■ **Problem requirements**: Could you restate all of the records exactly, leaving out the pictures?

■ **Records for the task**:
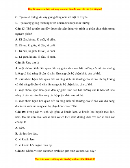 TÀI LIỆU BỘ BÁN CHẠY MÔN Sinh Học
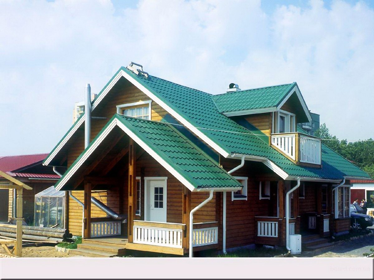Деревянные дома с зеленой крышей
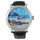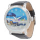 Uhr, Vintage Männeruhr mit schwarzem Lederarmband
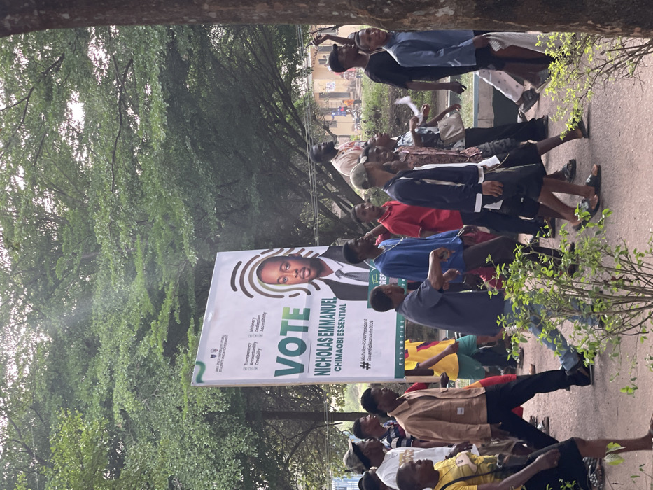 A group of young people is gathered near a campaign poster for Nicholas Emmanuel Chimaobi, who is running for SUG President
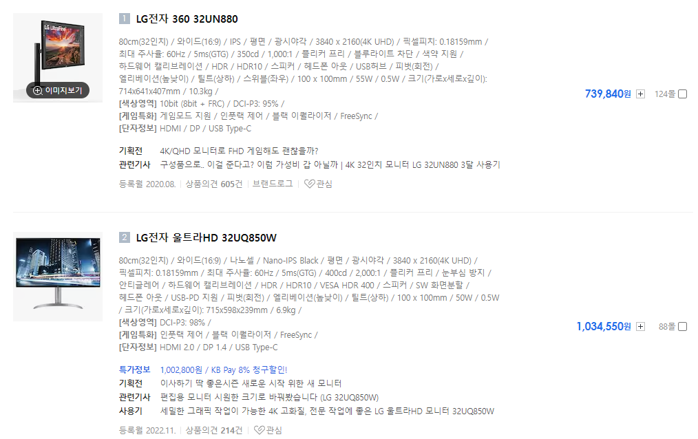 베스트샵 기준 32UN880 75만 / 32UQ850W 109만(할인하면 99만)
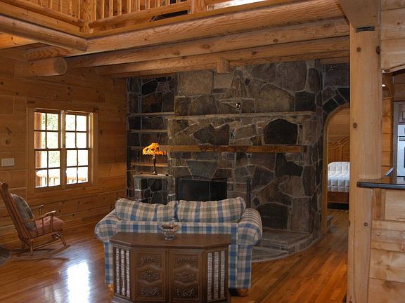 Looking for mountain living, or to get out from the city, just a bit? This beautifully maintained Barna Log Home sits on 5 rolling acres, and looks like a setting from a storybook. Wood flooring, bannisters and walls have been artistically stained, providing stunning variations and depths in color. Four fireplaces grace this home and ample windows and skylights provide plenty of light. A large office with a bathroom, closet and an exterior entrance provide just the right space for working at home. On the lowest level is a full living suite, complete with an office, kitchen and even a laundry room. The porches and decks on this house are amazing, and across a rolling backyard is a beautiful 24' by 36' outbuilding. Schedule a showing today, this grand mountain home will not disappoint.
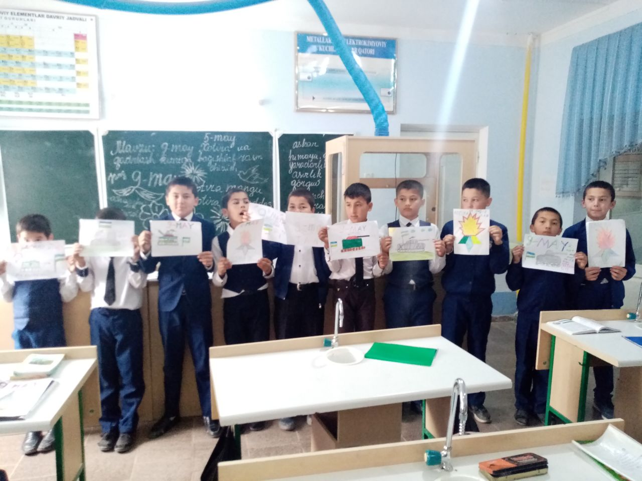 To'garaklar jadvali 8-05-2023, 10:50 Yangiariq tuman 35-son maktabning 5-may kuni bo'lib o'tgan besh tashabbus doirasida 9-may xotira va qadrlash kuniga bag'ishlab o'tkazilgan rasmlar tanlovidan lavhalar
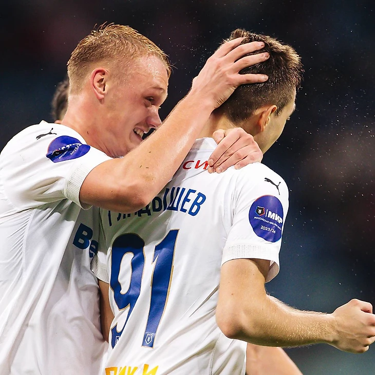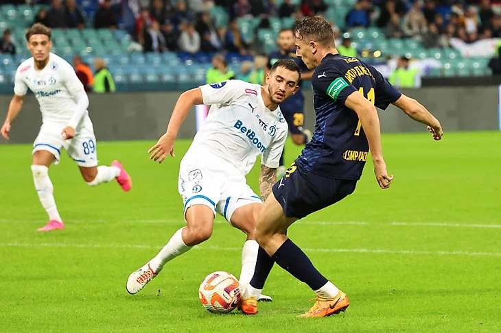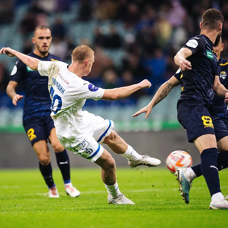 «Динамо» сразу начинает с прострела ворот. Чуть-чуть не хватает «бело-голубым» до завершения атак. И вновь Фёдор Смолов отличается отличной передачей на Константина Тюкавина: мастерство и опыт дают о себе знать.
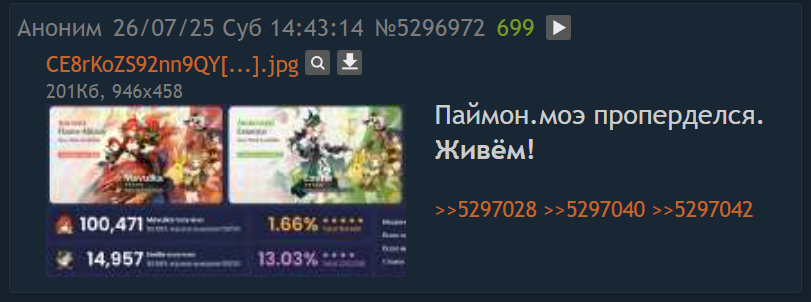 ✦ FAQ и архив треда https://rentry.co/genfaq2chhttps://text.icu/genshinfaq ∙ Скрытие постов со стикерами https://text.icu/gensticker
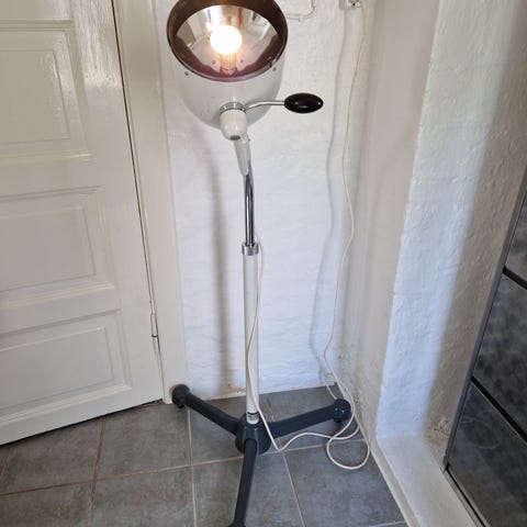 @ Hvid standerlampe på sort hjulstel fra gammel tandklinik i Sundern (Tyskland). Bygget i kraftige materialer og signalerer tysk kvalitet. Det er en lampe fra virksomheden Quarzlampen Gesellschaft Hanau "Original Hanau" som lå tæt på Frankfurt. Disse kliniklamper blev produceret i perioden 1930-1950. Den har lidt aldersrelateret brugsspor, hvilket kun er med til at give den et autentisk industielt look. Vil skabe en unik installation i en hvilken som helst stue eller studio og være et godt samtaleemne under en middag.
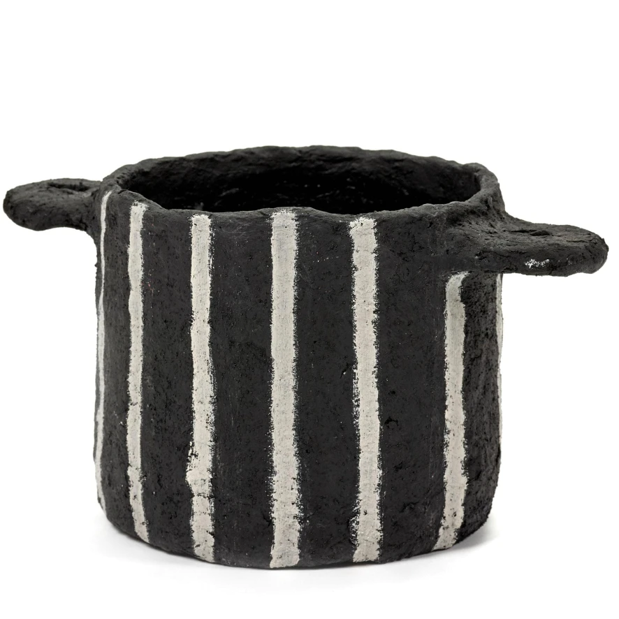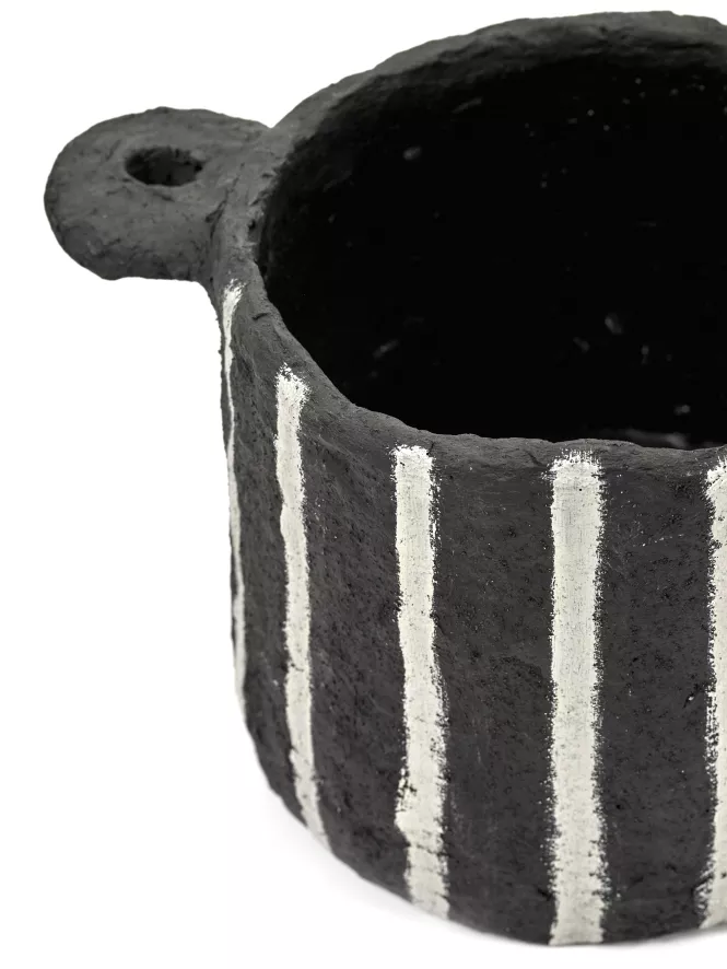 De Earth stripes pot, ontworpen door Marie Michielssen, van Serax heeft een lengte van 24 centimeter, een breedte van 16,5 centimeter en een hoogte van 13,5 centimeter. De pot is gemaakt van papier-maché. De binnenzijde is bekleed met een glasvezelafwerking.
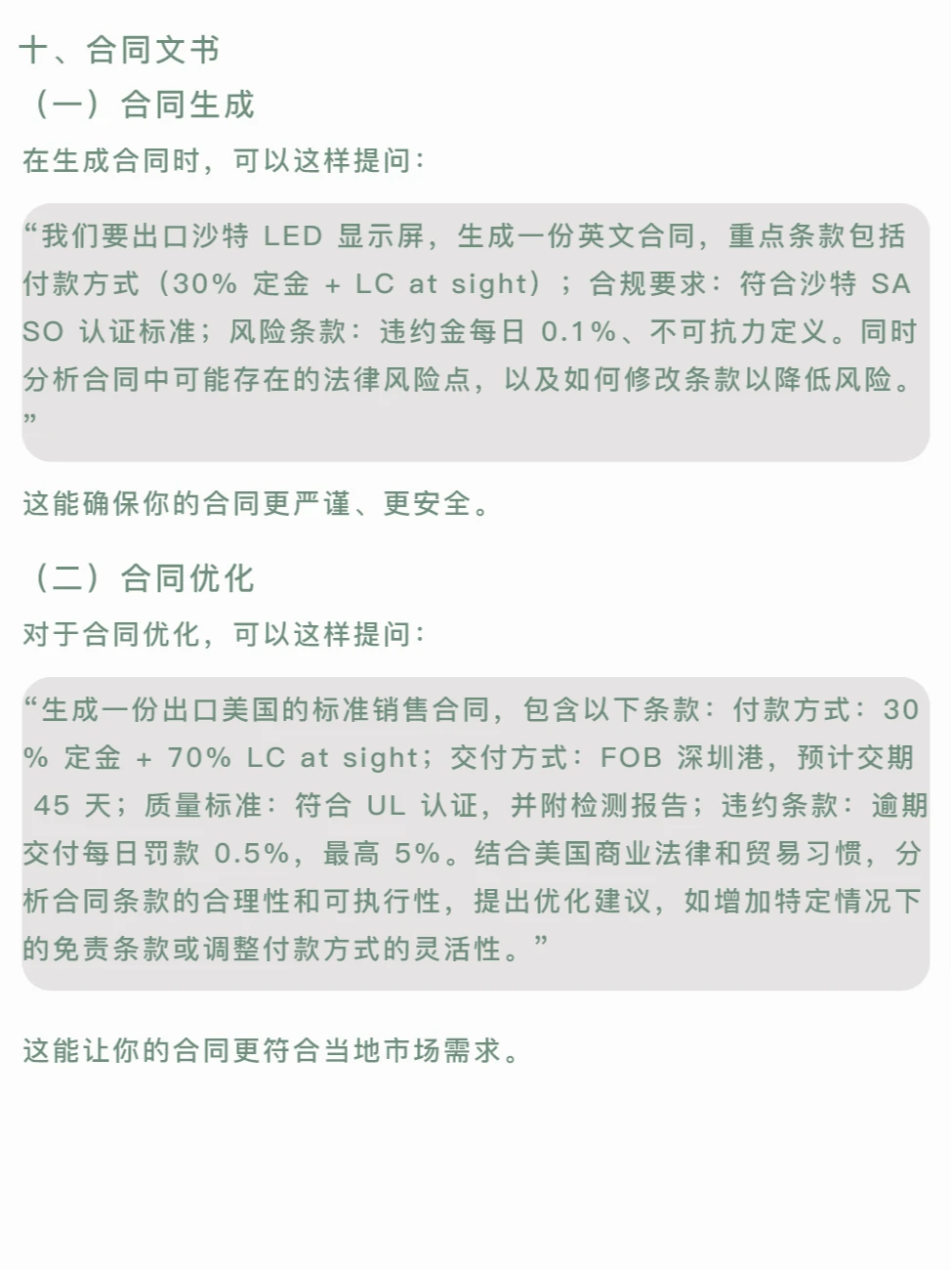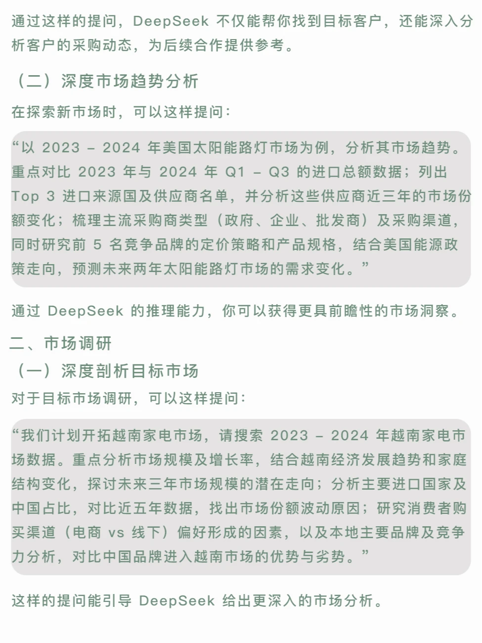 在外贸行业,DeepSeek 成为了从业者的新宠,被广泛应用于客户开发、市场分析、邮件优化,甚至汇率预测等环节。但不同人使用效果差异明显,关键在于提问方式。DeepSeek 作为推理型 AI,依赖精准信息和问题生成回应。今天,我将分享一份涵盖外贸全流程的 DeepSeek 高阶指令模板,涉及 12 个常见场景,帮助你充分挖掘 AI 潜力,提升外贸效率。另外,如果你还没注册海外公司,现在是个好时机,点击 注册了解注册流程和优势,让你的外贸业务更上一层楼。
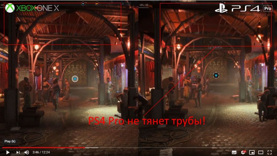 У Xbox One X нативные 4К (!!!) и 25-30 фпс. Хотя подения могут быть ещё ниже.
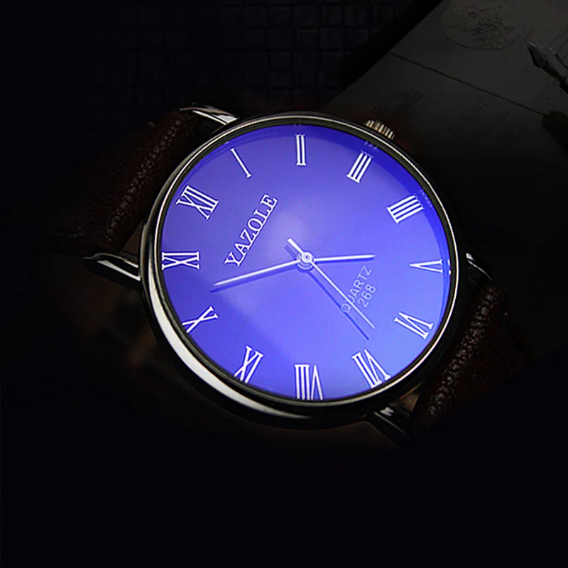 Часы YAZOLE Мужские кварцевые с хронографом, модные роскошные светильник повседневные деловые, с ремешком из мягкой кожи, синие

■ **Solution for this task**:
 TÀI LIỆU BỘ BÁN CHẠY MÔN Sinh Học
Деревянные дома с зеленой крышей
 Uhr, Vintage Männeruhr mit schwarzem Lederarmband
 A group of young people is gathered near a campaign poster for Nicholas Emmanuel Chimaobi, who is running for SUG President
 베스트샵 기준 32UN880 75만 / 32UQ850W 109만(할인하면 99만)
 Looking for mountain living, or to get out from the city, just a bit? This beautifully maintained Barna Log Home sits on 5 rolling acres, and looks like a setting from a storybook. Wood flooring, bannisters and walls have been artistically stained, providing stunning variations and depths in color. Four fireplaces grace this home and ample windows and skylights provide plenty of light. A large office with a bathroom, closet and an exterior entrance provide just the right space for working at home. On the lowest level is a full living suite, complete with an office, kitchen and even a laundry room. The porches and decks on this house are amazing, and across a rolling backyard is a beautiful 24' by 36' outbuilding. Schedule a showing today, this grand mountain home will not disappoint.
 To'garaklar jadvali 8-05-2023, 10:50 Yangiariq tuman 35-son maktabning 5-may kuni bo'lib o'tgan besh tashabbus doirasida 9-may xotira va qadrlash kuniga bag'ishlab o'tkazilgan rasmlar tanlovidan lavhalar
 «Динамо» сразу начинает с прострела ворот. Чуть-чуть не хватает «бело-голубым» до завершения атак. И вновь Фёдор Смолов отличается отличной передачей на Константина Тюкавина: мастерство и опыт дают о себе знать.
 ✦ FAQ и архив треда https://rentry.co/genfaq2chhttps://text.icu/genshinfaq ∙ Скрытие постов со стикерами https://text.icu/gensticker
 @ Hvid standerlampe på sort hjulstel fra gammel tandklinik i Sundern (Tyskland). Bygget i kraftige materialer og signalerer tysk kvalitet. Det er en lampe fra virksomheden Quarzlampen Gesellschaft Hanau "Original Hanau" som lå tæt på Frankfurt. Disse kliniklamper blev produceret i perioden 1930-1950. Den har lidt aldersrelateret brugsspor, hvilket kun er med til at give den et autentisk industielt look. Vil skabe en unik installation i en hvilken som helst stue eller studio og være et godt samtaleemne under en middag.
 De Earth stripes pot, ontworpen door Marie Michielssen, van Serax heeft een lengte van 24 centimeter, een breedte van 16,5 centimeter en een hoogte van 13,5 centimeter. De pot is gemaakt van papier-maché. De binnenzijde is bekleed met een glasvezelafwerking.
 在外贸行业,DeepSeek 成为了从业者的新宠,被广泛应用于客户开发、市场分析、邮件优化,甚至汇率预测等环节。但不同人使用效果差异明显,关键在于提问方式。DeepSeek 作为推理型 AI,依赖精准信息和问题生成回应。今天,我将分享一份涵盖外贸全流程的 DeepSeek 高阶指令模板,涉及 12 个常见场景,帮助你充分挖掘 AI 潜力,提升外贸效率。另外,如果你还没注册海外公司,现在是个好时机,点击 注册了解注册流程和优势,让你的外贸业务更上一层楼。
 У Xbox One X нативные 4К (!!!) и 25-30 фпс. Хотя подения могут быть ещё ниже.
 Часы YAZOLE Мужские кварцевые с хронографом, модные роскошные светильник повседневные деловые, с ремешком из мягкой кожи, синие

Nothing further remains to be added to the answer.